Death Makes a Prophet
- Author: John Bude
- Language: English
- Series: Detective Inspector Meredith
- Genre: Detective
- Publisher: Macdonald
- Publication date: 1947
- Publication place: United Kingdom
- Media type: Print
- Preceded by: Trouble A-Brewing
- Followed by: Dangerous Sunlight

= Death Makes a Prophet =

1947 novel

Death Makes a Prophet is a 1947 detective novel by the British author John Bude, the pseudonym of Ernest Elmore.
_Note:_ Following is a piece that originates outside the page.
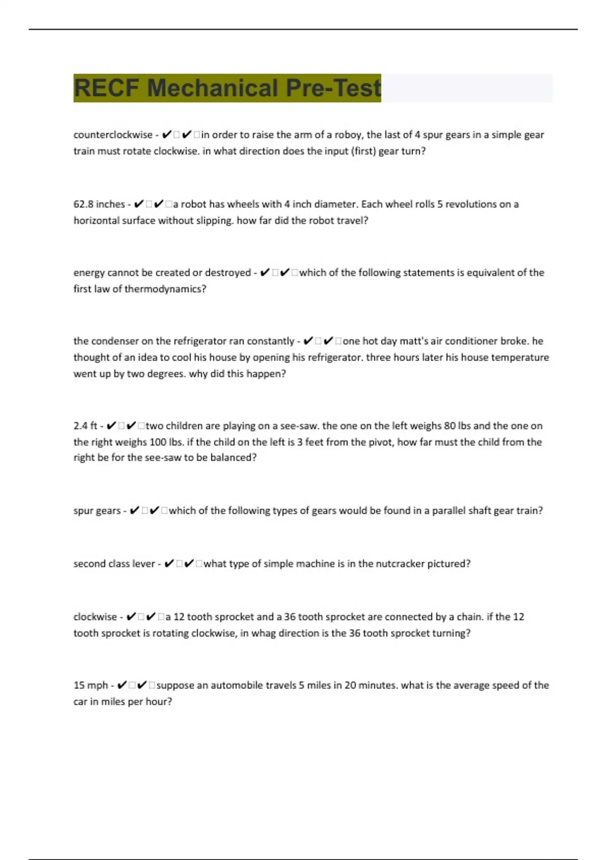 RECF Mechanical Pre-Test CORRECTLY SOLVED QUESTIONS|SCORE A+

In 2017 it was reissued by the British Library Publishing as part of a group of republished crime novels from the Golden Age of Detective Fiction.

==Synopsis==
In Welworth Garden City in Hertfordshire a growing cult has gathered members, but a power dispute has broken out between the founder and a charismatic newcomer. During a summer rally at the country estate of one of its wealthiest and most prominent members, a double murder takes place with the High Prophet of the movement amongst the dead.

==Bibliography==
- Hubin, Allen J. Crime Fiction, 1749-1980: A Comprehensive Bibliography. Garland Publishing, 1984.
- Reilly, John M. Twentieth Century Crime & Mystery Writers. Springer, 2015.